True to form, a disagreement has now arisen between Employers and Shere regarding whether Employers has an obligation to fund the defense of Shell's cross appeal. Employers claims that post-judgment Shell had indicated to Employers, that it had no intention of appealing the award and that, in fact, it would not have done so had Shere not first filed his appeal. Employers claims that it informed Shere of Shell's intent not to appeal in advance of Shere's decision to take an appeal. Because Shell's cross appeal focused only on issues germaine to a defense of Shere's appeal, Employers believes it had no obligation to finance any part of the appeal. Employers thus paid the Wickenses all amounts they were due and closed its file, despite objections by Shere, which included his assertion that Employers was waiving its rights to claim any portion of the award by not funding the defense of Shell's cross appeal. On October 14, 2010, the Seventh Circuit remanded the case, directing this Court to correct a small mathematical error made in calculating the attorney fees award, but otherwise affirming all other aspects of our award and judgment.

Apparently not wishing to get in the middle of the squabble between Shere and Employers, Shell moved the Court for permission to pay the amended judgment amount into the Court awaiting the final distribution to the parties. Shere again objected and moved to have the otherwise deposited funds distributed directly to him. Employers joined in Shell's motion on the assumption that if the judgment were paid directly to Shere, Shere would not disburse the amounts Employers believed were due it under the Distribution Agreement. Indeed, Employers' concerns were sufficient to cause it to request leave to file a crossclaim, which is the subject of the current motion to dismiss and the cross motions for summary judgment.

Letters exchanged between Employers' in-house legal counsel and Mr. Shere shed light on Employers' concerns with regard to Shere's pay-out of less than the amounts agreed upon in the Distribution Agreement, including references by Shere to amounts he believed to be due him from Employers or OneBeacon for his appellate work and for past invoices which had been only partially paid due to a dispute regarding billing rates.

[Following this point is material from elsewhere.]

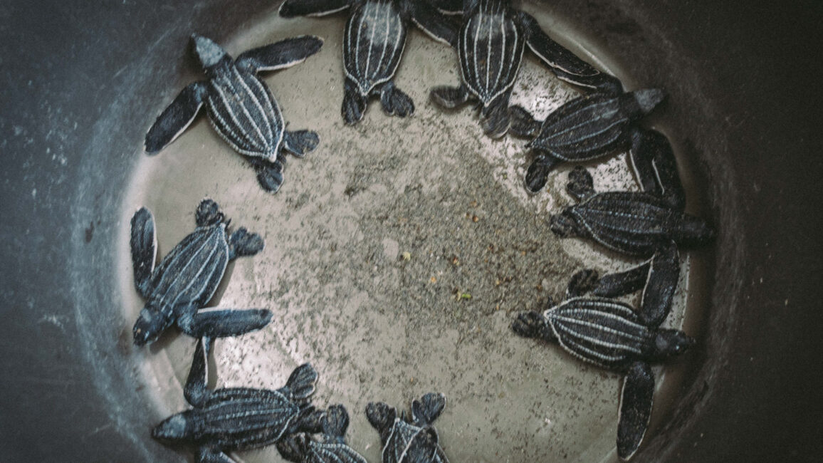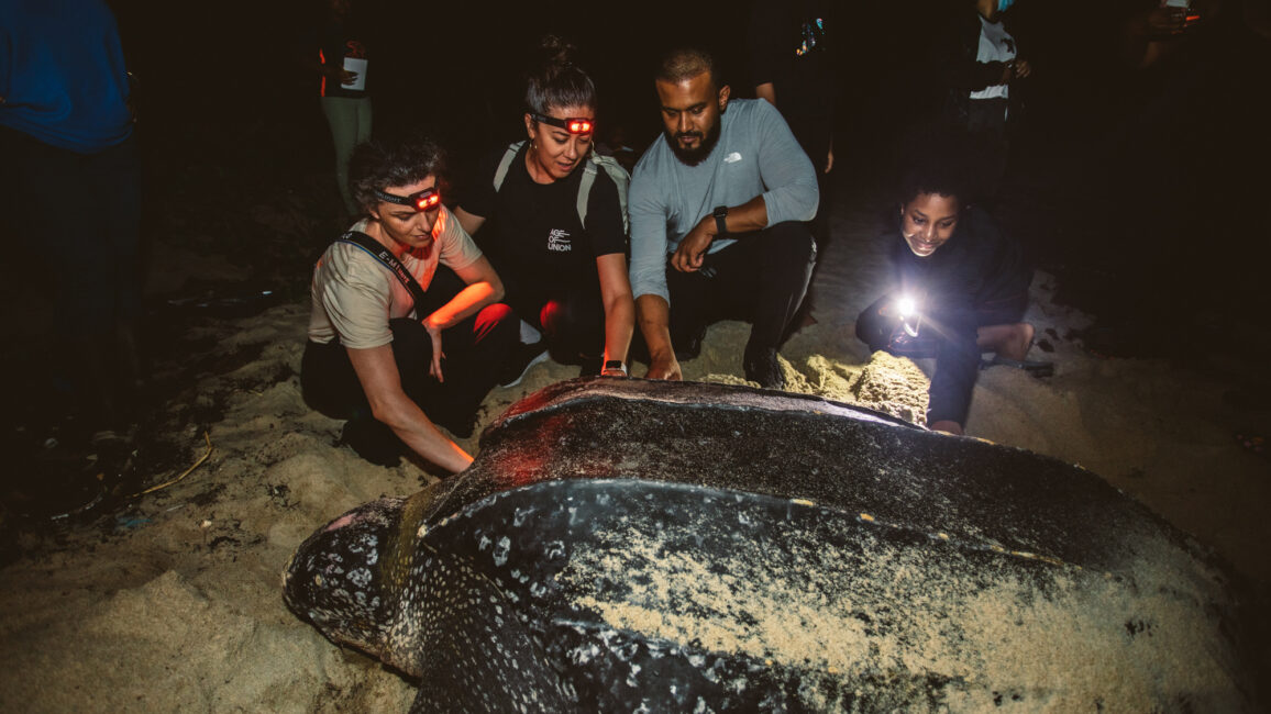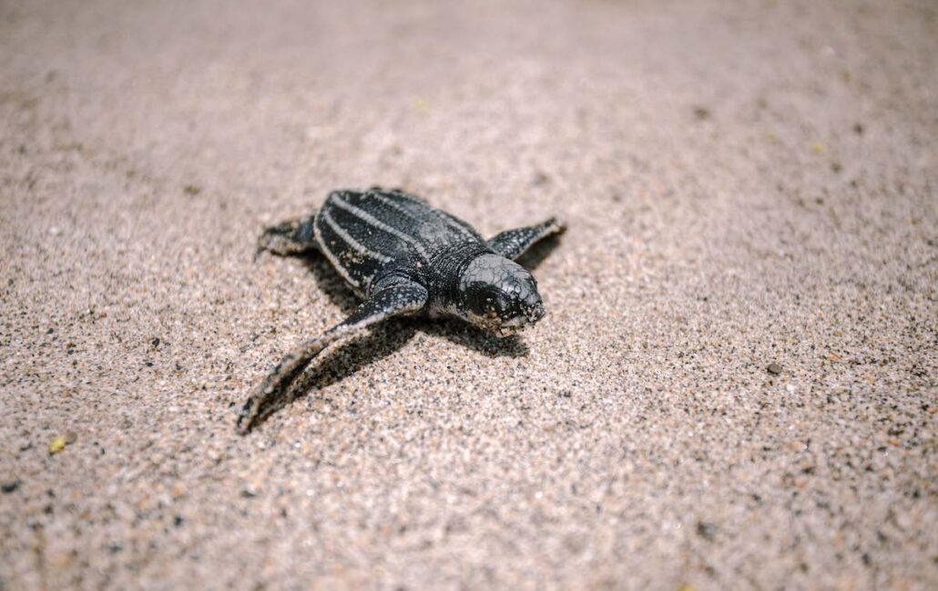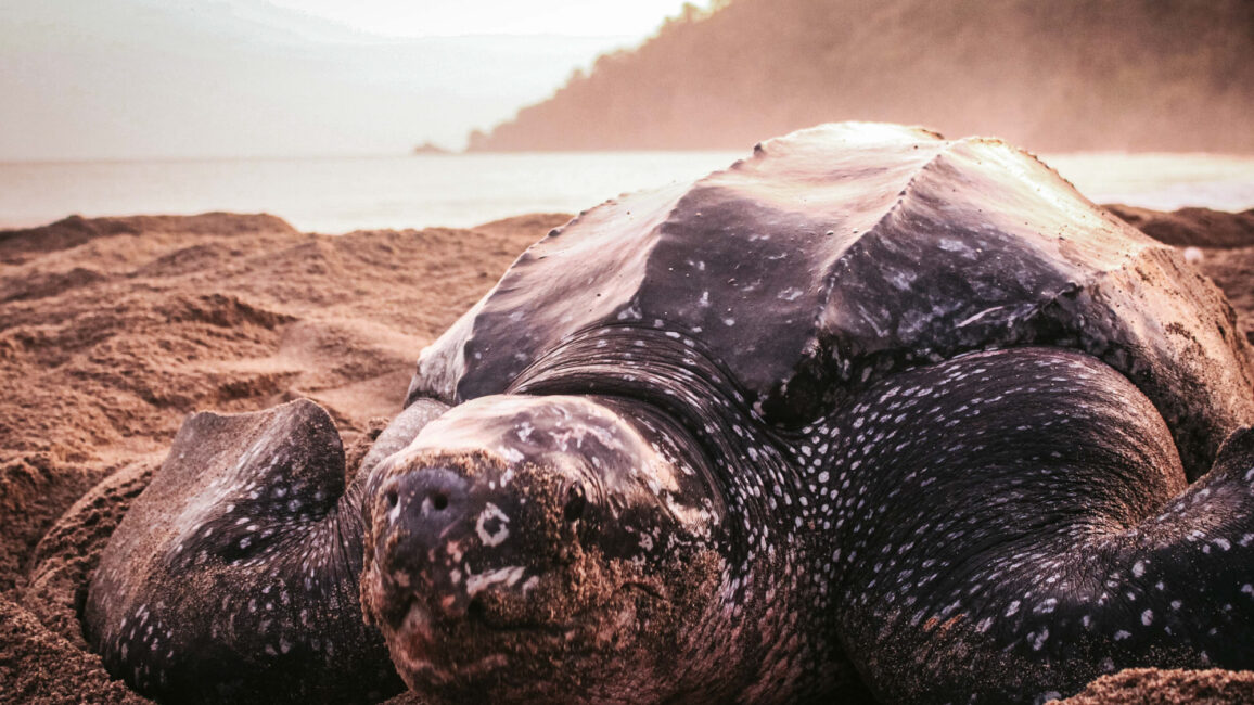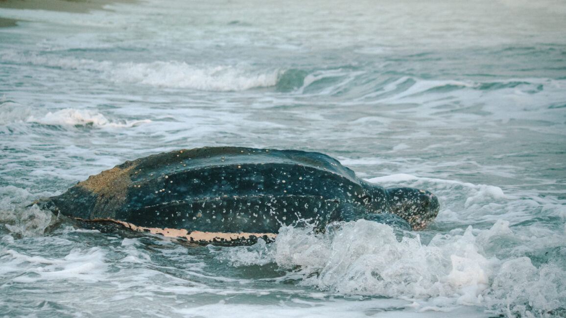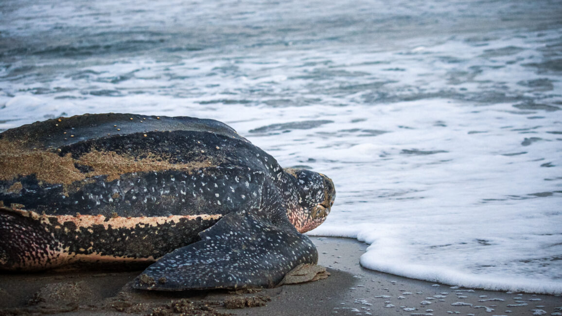 Leatherback turtles are threatened by pollution and the side effects of climate change, such as sargassum, which prevents them from reaching the beach to lay their eggs or for newborn baby turtles to reach the ocean.

Employers' crossclaim asserts its entitlement to receive $390,192.87 of the judgment amount deposited by Shell into the registry of the Court. In apparent disregard of the Distribution Agreement's terms requiring that the funds be dispersed directly to Shere, who in turn is obligated to pay Employers, the insurer's crossclaim seeks to have the Court declare Employers' rights to the funds and direct the Clerk to issue a check directly to it. The crossclaim consists of three counts, each of which Employers asserts advances alternative legal theories justifying declaratory and equitable relief: (1) quantum meruit/ unjust enrichment, (2) subrogation rights possessed by Employers under the Wickenses' insurance policy, and (3) Shere's anticipatory breach or repudiation of the Distribution Agreement. Shere, naturally, opposes Employers' entitlement to relief under all of these theories.

Discussion

Shere maintains that the Distribution Agreement trumps Employer's first two arguments. He also asserts that he has not repudiated the Distribution Agreement, and, in any event, because Employers is not a party to that agreement, it is not entitled to assert any rights under it. According to Shere, Employers, as an intervening party, also waited too long to file its crossclaim, in derogation of the Federal Rules of Civil Procedure. Shere maintains that Employers is not entitled to a "free appellate defense" of its insureds and is obligated to pay its fair share of the appellate attorney fees. Shere therefore seeks dismissal of Employers' crossclaim, or, in the alternative, summary judgment in his favor, and an order requiring the money deposited in the Court's registry be distributed to him.

Employers characterizes Shere's argument that only OneBeacon, not Employers, is entitled to enforce the rights arising under the Distribution Agreement as specious. Employers and its holding company, OneBeacon, are interchangeable with respect to their roles in this litigation, and, in addition, the Distribution Agreement explicitly applies to affiliated entities. Employers argues that it would be patently inequitable if it were not permitted to receive reimbursement of the costs and fees it advanced in this litigation, or if it were required to prolong the dispute with Shere based on witholdings Shere has threatened to take from Employer's portion of the judgment based on his unapproved higher billing rates and his unilateral decision to appeal. In short, Employers has invested all it chooses to invest in these disagreements and wants out and accordingly moves for summary judgment in its favor.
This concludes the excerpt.